Records excerpted from a collection:
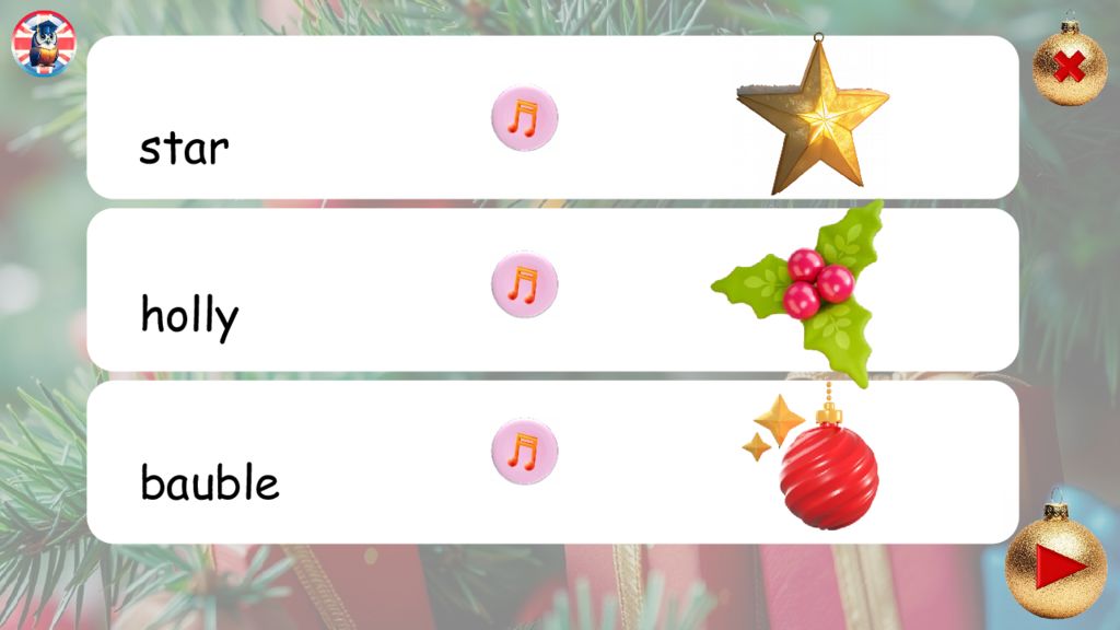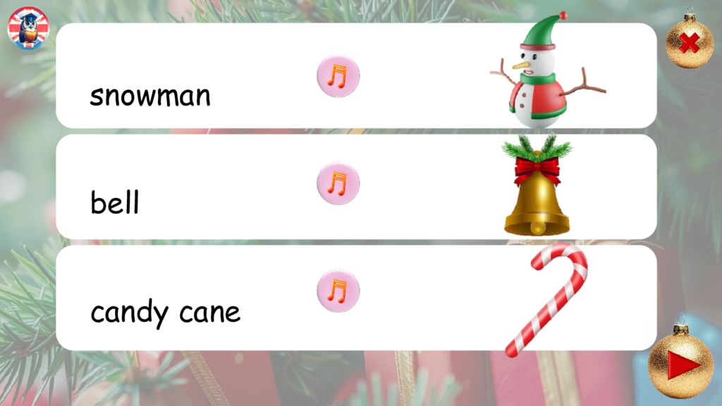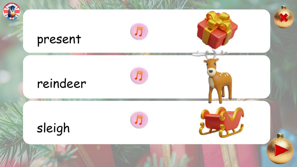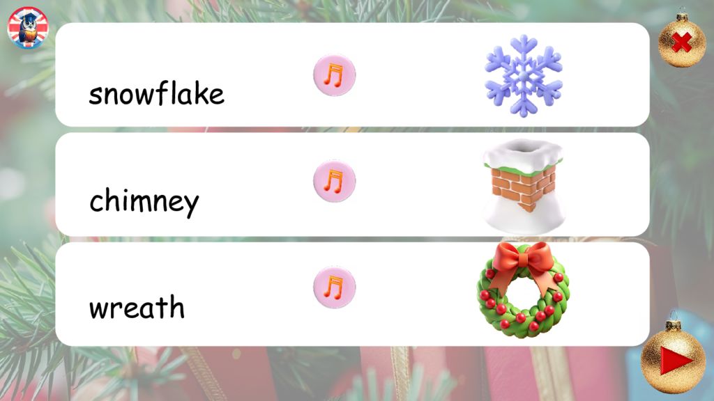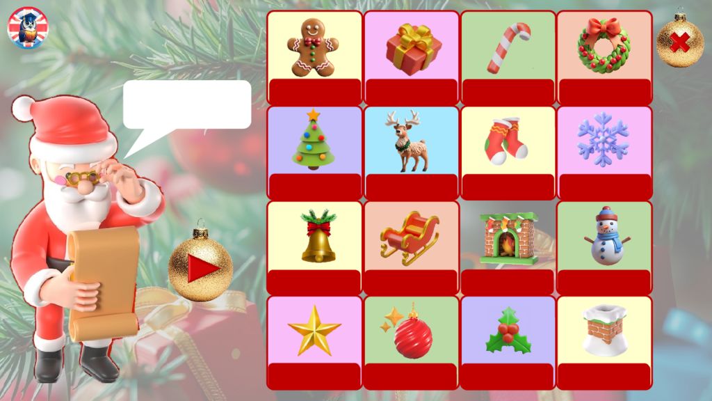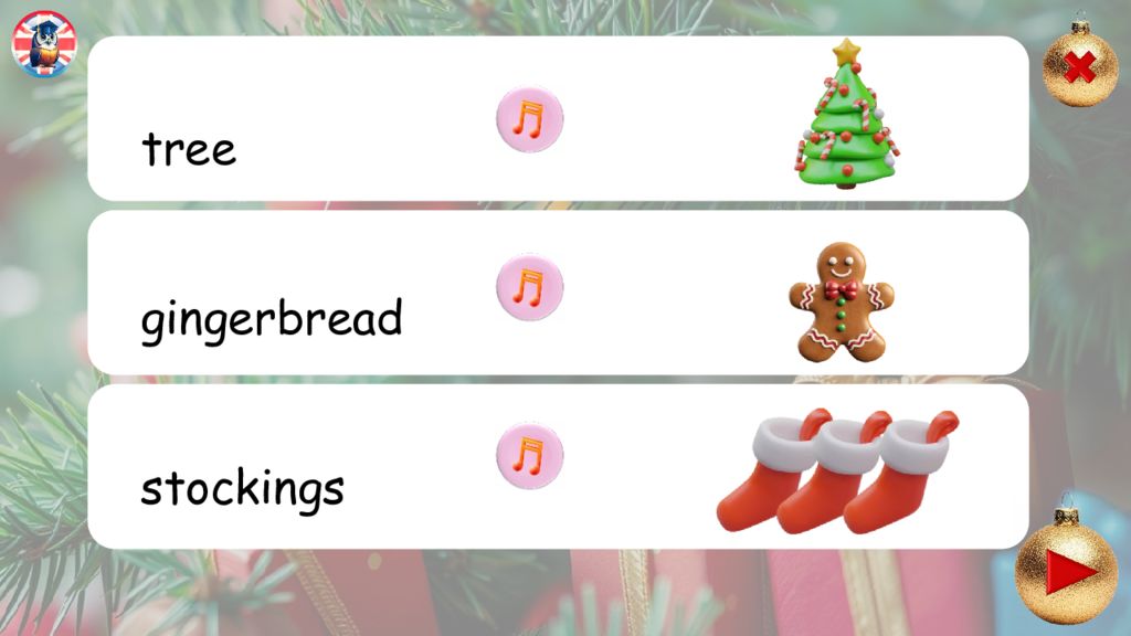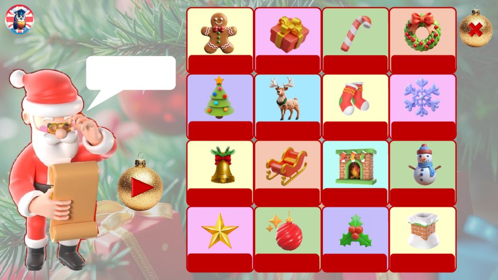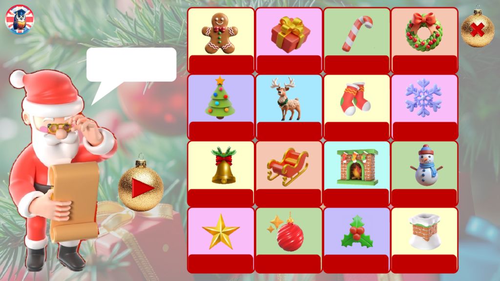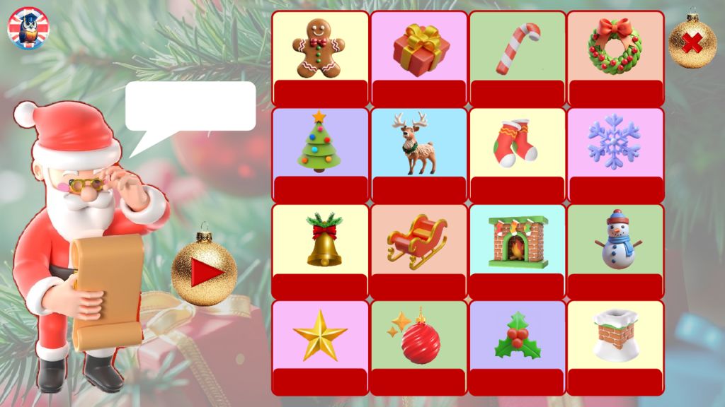 gingerbread present candy cane tree reindeer stockings bell sleigh fireplace star bauble holly wreath snowflake snowman chimney Find and click on the picture
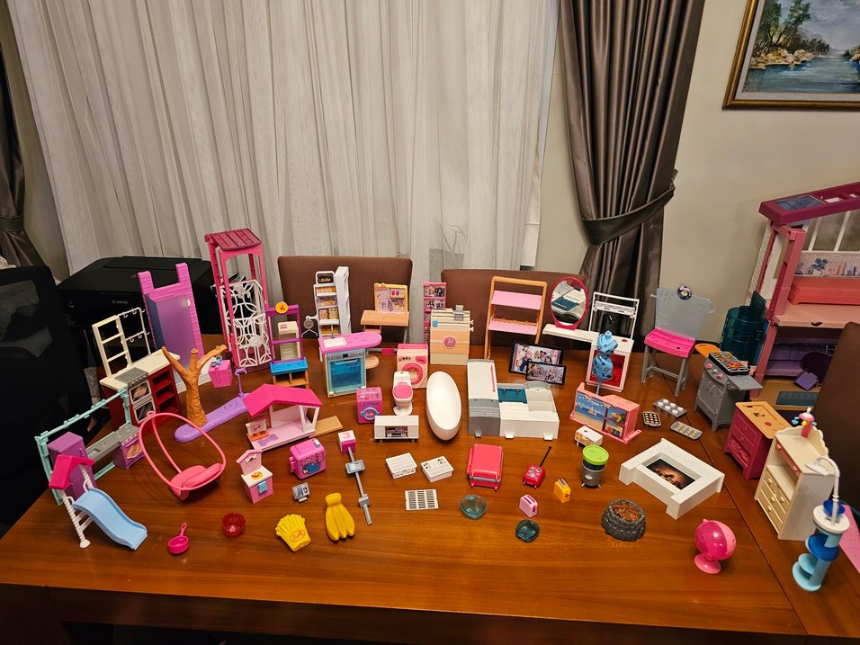 Çeşitli minyatür ev eşyaları ve mobilya parçalarından oluşan açık pembe oyuncak seti. Farklı barbie oyuncakları, set parçaları satılmaktadır. Görüntüde yer alan ürünlerin hepsi toplu olarak veya talebe göre ayrı ayrı satılmaktadır. Sergilenen alana sığdığı kadarı ile yerleştirilmiştir, farklı oyuncakları da olup ayrıca satışa çıkılacaktır. Kızım büyüdüğü ve artık oynamadığı için satılmaktadır. (Görüntü net değil ise veya daha detaylı foto talep edilirse iletilecektir.)
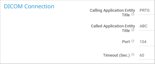 Enter the Application Entity Title (AET) of PRTG to initialize a DICOM connection.
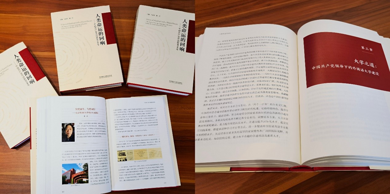 《人类命运的回响——中国共产党外语教育100年》一书由我校党委书记王定华、校长杨丹主编,紧密围绕中国共产党成立100周年这条主线,回顾了自1921年中国共产党成立以来,在党的领导下中国外语教育走过的艰苦开创、曲折探索与光辉发展历程,分奋进之路、外语之兴、大学之道、专业之盛、名家之忆、文明之基六个部分。各章节以时间为线,再现中国共产党成立后中国外语教育的整体发展历程;以语种为轴,呈现英语、俄语、德语、法语、西班牙语、阿拉伯语、日语和非通用语种百年发展建设历史画卷;以院校为基,记述不同外语专业院校学科建设与人才培养模式探索;以人物为篇,特邀在外语教育和翻译等领域的代表人物回顾往昔,体现有温度的外语教育发展历程。
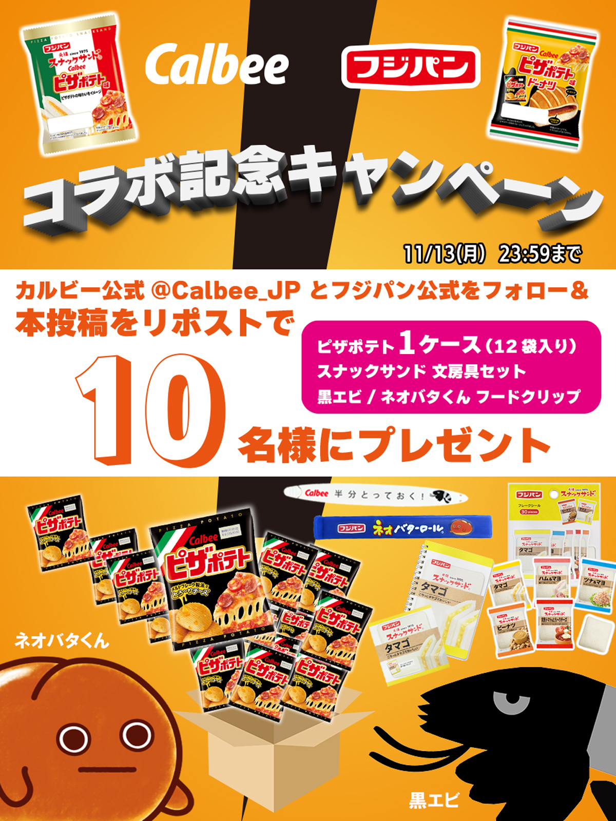 キャンペーン開催期間中、フジパン公式X(旧Twitter)とカルビー公式X(旧Twitter)をフォローし、キャンペーン投稿をリツイートすると抽選で10名様にピザポテト1ケース、黒エビフードクリップとフジパンオリジナルグッズをプレゼントします。キャンペーンへのご参加をお待ちしております。
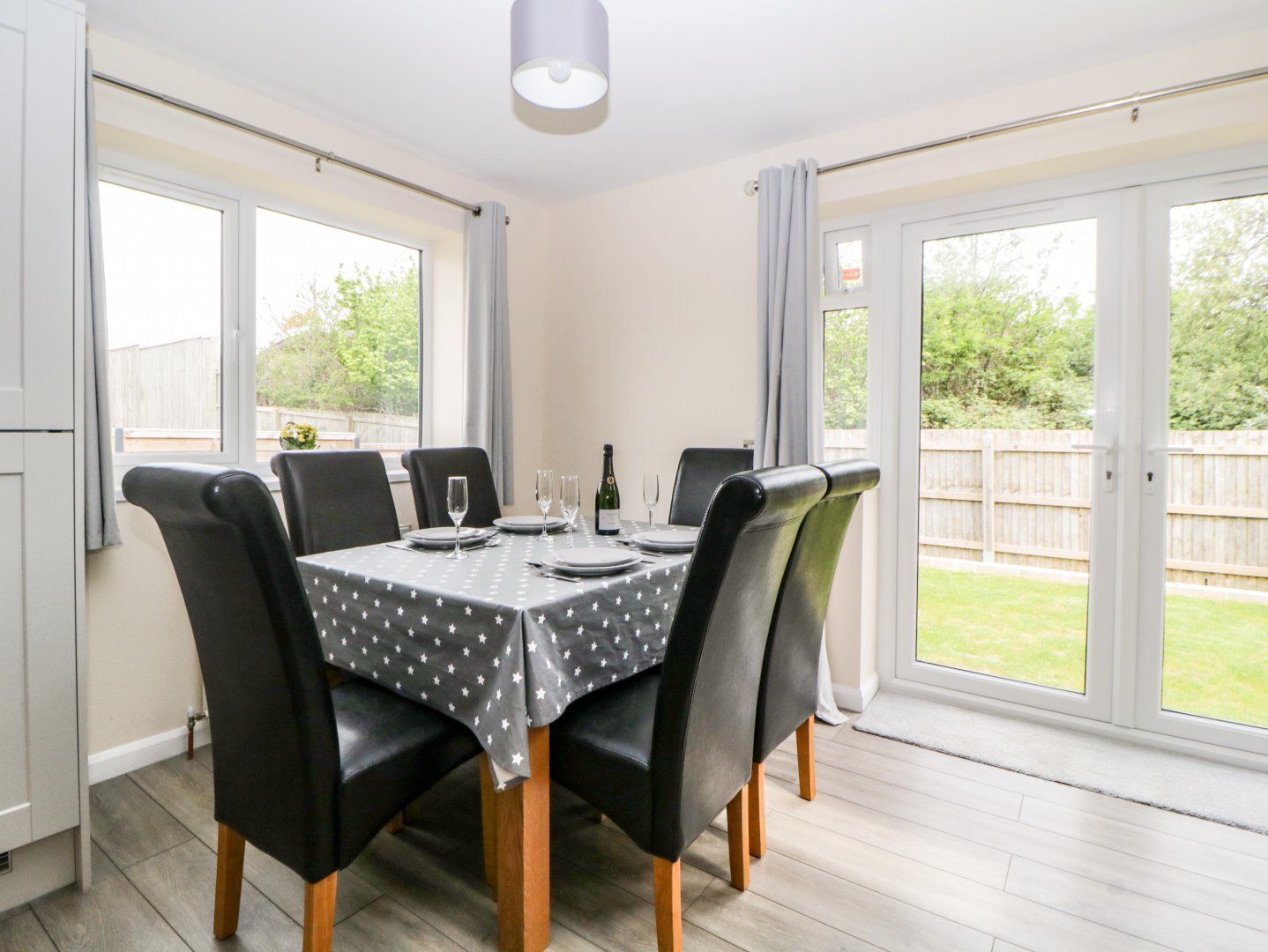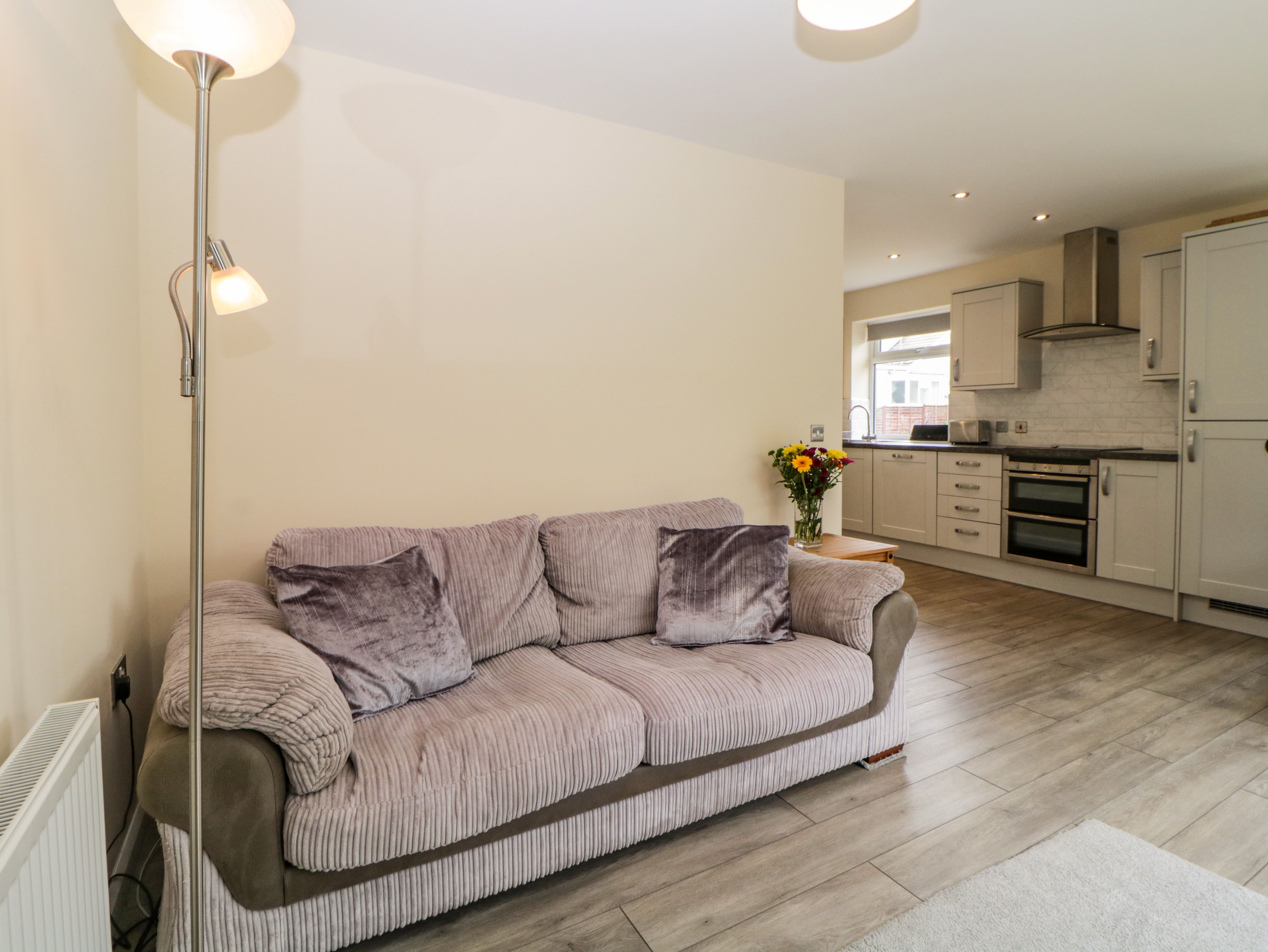 Amenities Electric central heating. Electric oven, induction hob, microwave, fridge/freezer, washing machine and dishwasher. 1 x Smart TV, 2 x TV, WiFi. Fuel and power inc. in rent. Bed linen and towels inc. in rent. Off-road parking. Enclosed rear garden with lawn and furniture. Sorry, no pets and no smoking. Shop 0.3 miles, pub 0.8 miles, beach 1.3 miles. Note: There are steps down from the patio doors to the lawn
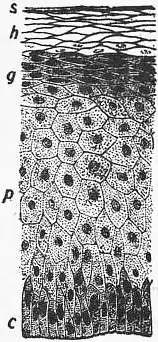 | c, Columnar cells resting on the fibrous true skin. p, The so-called prickle cells. g, Stratum granulosum. h, Horny cells. s, Squamous horny cells. |
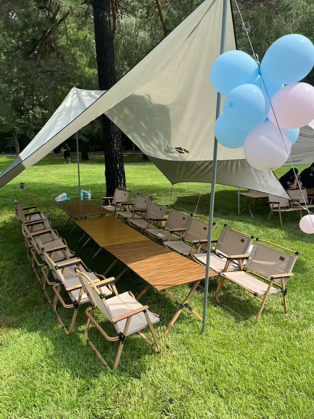 “我现在的主力客群转向了生日派对、公司团建、商圈开业。”他介绍,针对8到10人的聚会场景,租赁的性价比优势凸显出来。一套包含蛋卷桌、10把椅子和一顶天幕的装备,租赁仅需200元,人均仅20元。“人多的露营聚会,家里很难凑齐这么多桌椅,买的话又用不了几次,租就成了最好的选择。”目前,他的仓库里仅露营椅就储备了100把,专门应对这种团体大单。

• _Task description_:
An exact copy of all the records, free of pictures, is the expected answer.

• _Task solution_:
 gingerbread present candy cane tree reindeer stockings bell sleigh fireplace star bauble holly wreath snowflake snowman chimney Find and click on the picture
 Çeşitli minyatür ev eşyaları ve mobilya parçalarından oluşan açık pembe oyuncak seti. Farklı barbie oyuncakları, set parçaları satılmaktadır. Görüntüde yer alan ürünlerin hepsi toplu olarak veya talebe göre ayrı ayrı satılmaktadır. Sergilenen alana sığdığı kadarı ile yerleştirilmiştir, farklı oyuncakları da olup ayrıca satışa çıkılacaktır. Kızım büyüdüğü ve artık oynamadığı için satılmaktadır. (Görüntü net değil ise veya daha detaylı foto talep edilirse iletilecektir.)
 Enter the Application Entity Title (AET) of PRTG to initialize a DICOM connection.
 《人类命运的回响——中国共产党外语教育100年》一书由我校党委书记王定华、校长杨丹主编,紧密围绕中国共产党成立100周年这条主线,回顾了自1921年中国共产党成立以来,在党的领导下中国外语教育走过的艰苦开创、曲折探索与光辉发展历程,分奋进之路、外语之兴、大学之道、专业之盛、名家之忆、文明之基六个部分。各章节以时间为线,再现中国共产党成立后中国外语教育的整体发展历程;以语种为轴,呈现英语、俄语、德语、法语、西班牙语、阿拉伯语、日语和非通用语种百年发展建设历史画卷;以院校为基,记述不同外语专业院校学科建设与人才培养模式探索;以人物为篇,特邀在外语教育和翻译等领域的代表人物回顾往昔,体现有温度的外语教育发展历程。
 キャンペーン開催期間中、フジパン公式X(旧Twitter)とカルビー公式X(旧Twitter)をフォローし、キャンペーン投稿をリツイートすると抽選で10名様にピザポテト1ケース、黒エビフードクリップとフジパンオリジナルグッズをプレゼントします。キャンペーンへのご参加をお待ちしております。
 Amenities Electric central heating. Electric oven, induction hob, microwave, fridge/freezer, washing machine and dishwasher. 1 x Smart TV, 2 x TV, WiFi. Fuel and power inc. in rent. Bed linen and towels inc. in rent. Off-road parking. Enclosed rear garden with lawn and furniture. Sorry, no pets and no smoking. Shop 0.3 miles, pub 0.8 miles, beach 1.3 miles. Note: There are steps down from the patio doors to the lawn
 | c, Columnar cells resting on the fibrous true skin. p, The so-called prickle cells. g, Stratum granulosum. h, Horny cells. s, Squamous horny cells. |
 “我现在的主力客群转向了生日派对、公司团建、商圈开业。”他介绍,针对8到10人的聚会场景,租赁的性价比优势凸显出来。一套包含蛋卷桌、10把椅子和一顶天幕的装备,租赁仅需200元,人均仅20元。“人多的露营聚会,家里很难凑齐这么多桌椅,买的话又用不了几次,租就成了最好的选择。”目前,他的仓库里仅露营椅就储备了100把,专门应对这种团体大单。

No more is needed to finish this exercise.